● Dataset records

○ ○ ○

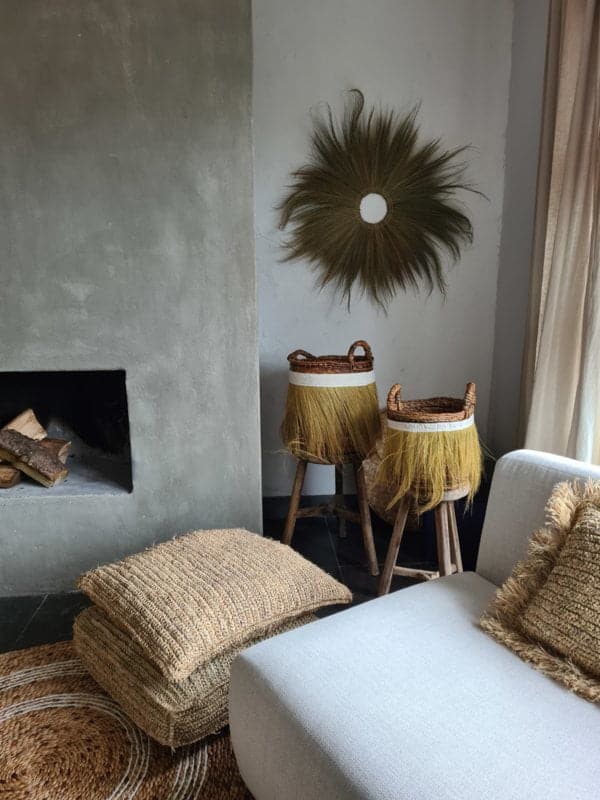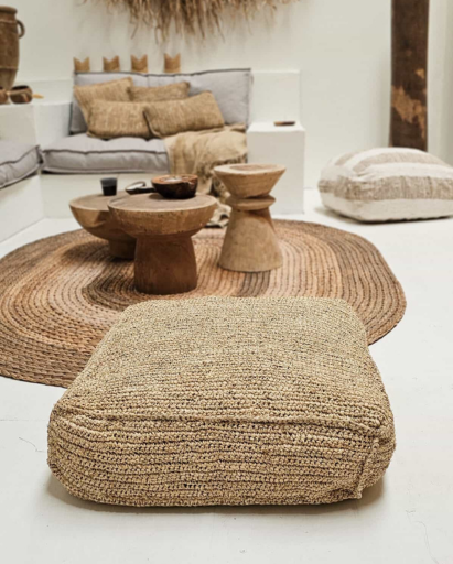 Тази възглавница за под е направена от листа от ананас. Това е същият материал като нашите кошници за спане и кръглите пуфи и възглавници от рафия. Толкова хубаво за комбиниране.
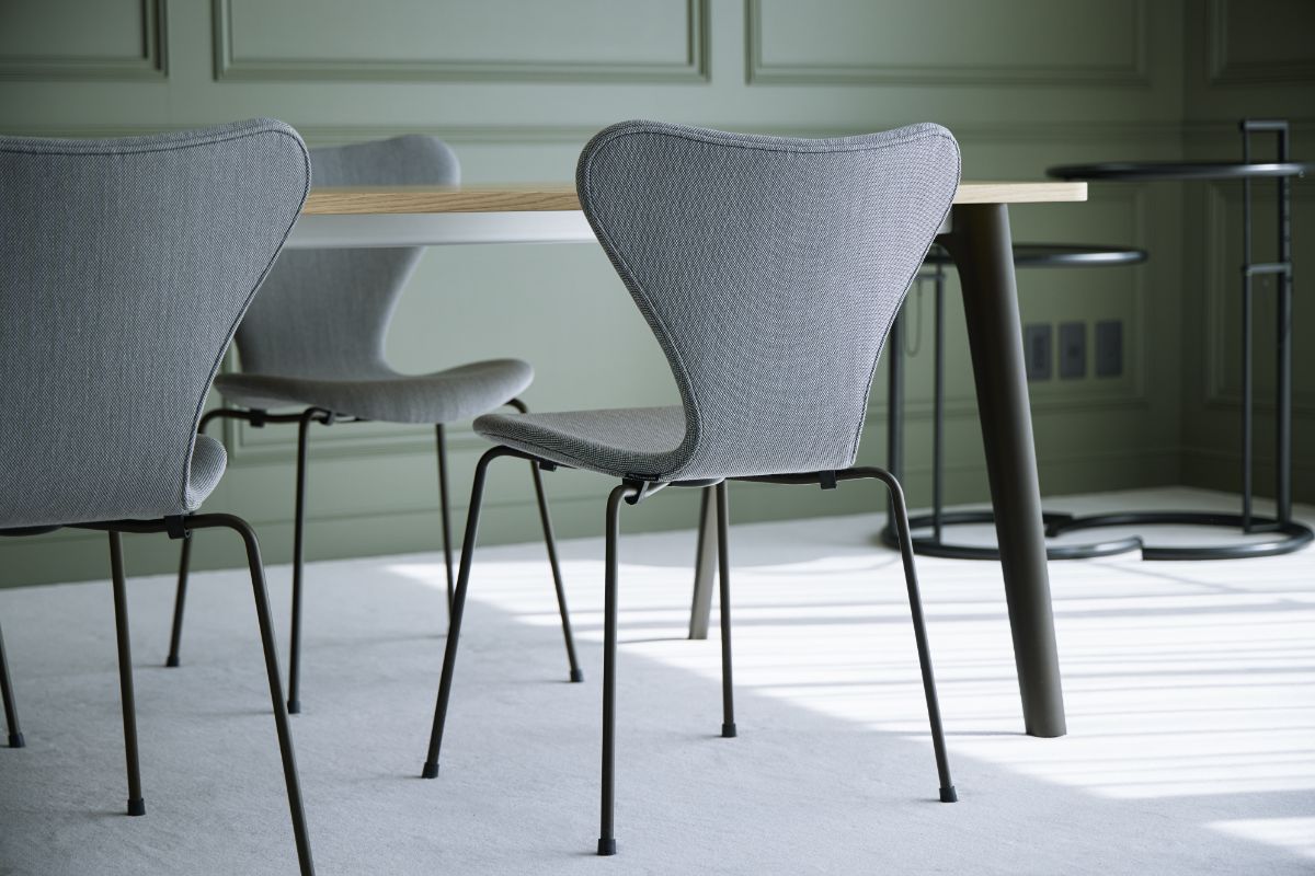 空間の個性を最大限に生かしながら、一定の価値観に基づいて家具選びを楽しむ。そう考えて最初に選ばれたのが、ダイニングの「Seven Chair(セブンチェア)」だ。デンマークを代表するデザイナー、アルネ・ヤコブセンにより1955年に生み出された名作で、実際に目にしたことがある人も多いだろう。しかし、「Seven Chair」と聞いてほとんどの人が思い浮かべるのは、木材でできた座面と背もたれにクロムメッキの脚がピカピカと光る、定番の佇まいではないだろうか。
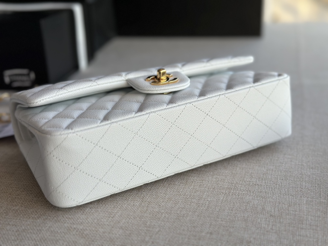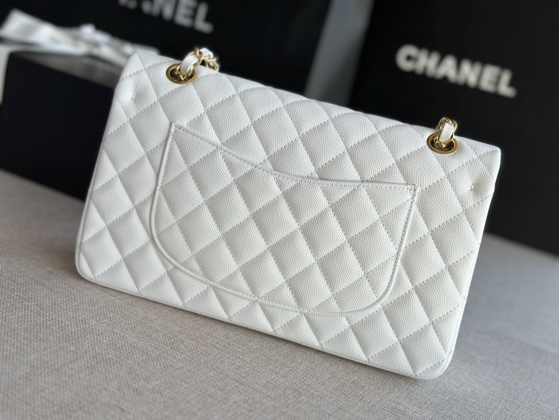 Chanel Classic Flap Diamond Check Pure White Leather Small Chain Bag
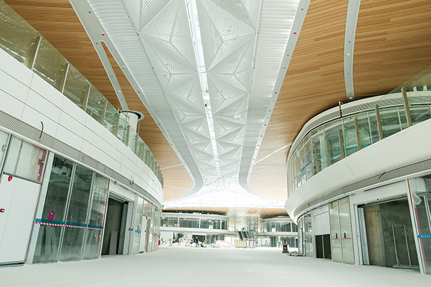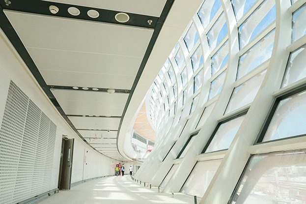 深圳机场卫星厅建筑面积23万多平方米,由中央、东南、东北、西南和西北五个指廊组成,分为地上四层、地下一层。作为唯一参与精装修的民营企业,BTY必一体育(B体育)官方网站_BTY必一体育官方网站主要负责深圳机场卫星厅2-3层西南、西北指廊,西双子星广场的精装修工程。
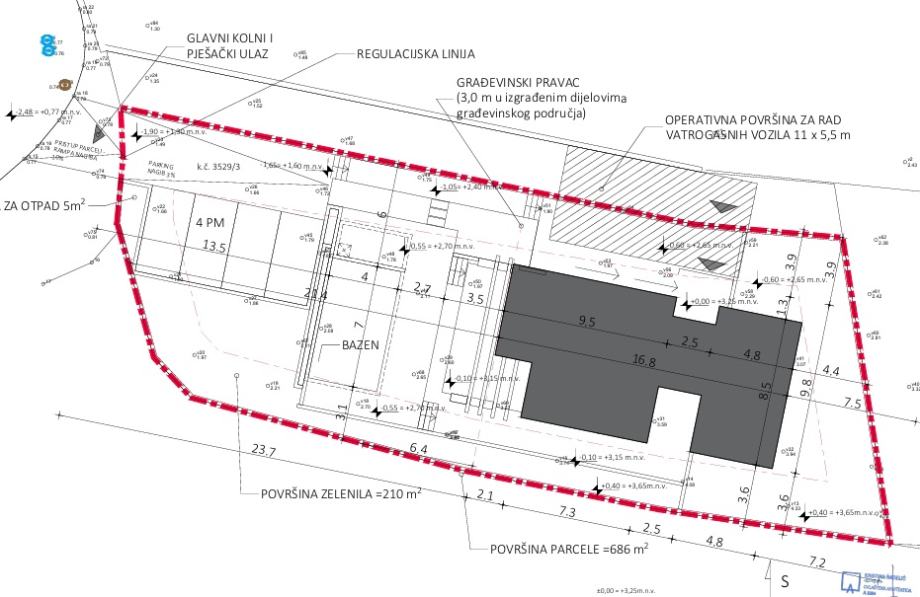 Građevinska dozvola, plaćeni komunalni doprinosi, mogućnost gradnje Pr+Kat.
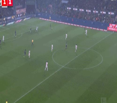 第45+5分钟,将功补过!奥利塞助攻格纳布里小角度破门,科隆1-1拜仁
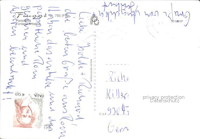 old postcard Fiuggi Fonte Panorama Fontana Artistica postalisch gelaufen Erhaltung siehe scans
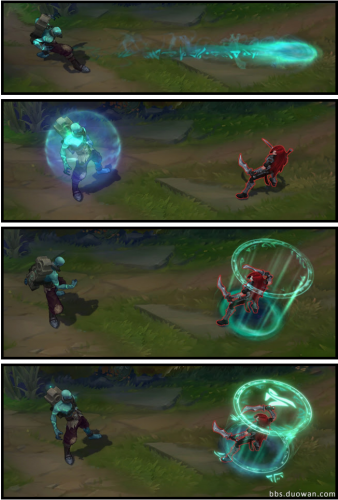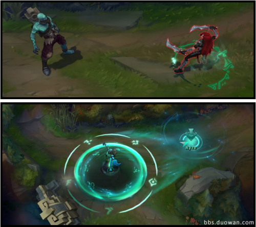 R:曲境折跃-在不远距离之外打开一扇传送门。几秒后,传送门范围内的全部友军将会折跃到目标地点。该技能自我施法无效,因为将自己传送到自己的位置很愚蠢。

○ ○ ○

● Exercise aim
With the pictures left out, output the lines from the one containing "第45+5分钟,将功补过!奥利塞助攻格纳布里小角度破门,科隆1-1拜仁" through the last line of the records above, exactly as they are.

● Result of this task
 第45+5分钟,将功补过!奥利塞助攻格纳布里小角度破门,科隆1-1拜仁
 old postcard Fiuggi Fonte Panorama Fontana Artistica postalisch gelaufen Erhaltung siehe scans
 R:曲境折跃-在不远距离之外打开一扇传送门。几秒后,传送门范围内的全部友军将会折跃到目标地点。该技能自我施法无效,因为将自己传送到自己的位置很愚蠢。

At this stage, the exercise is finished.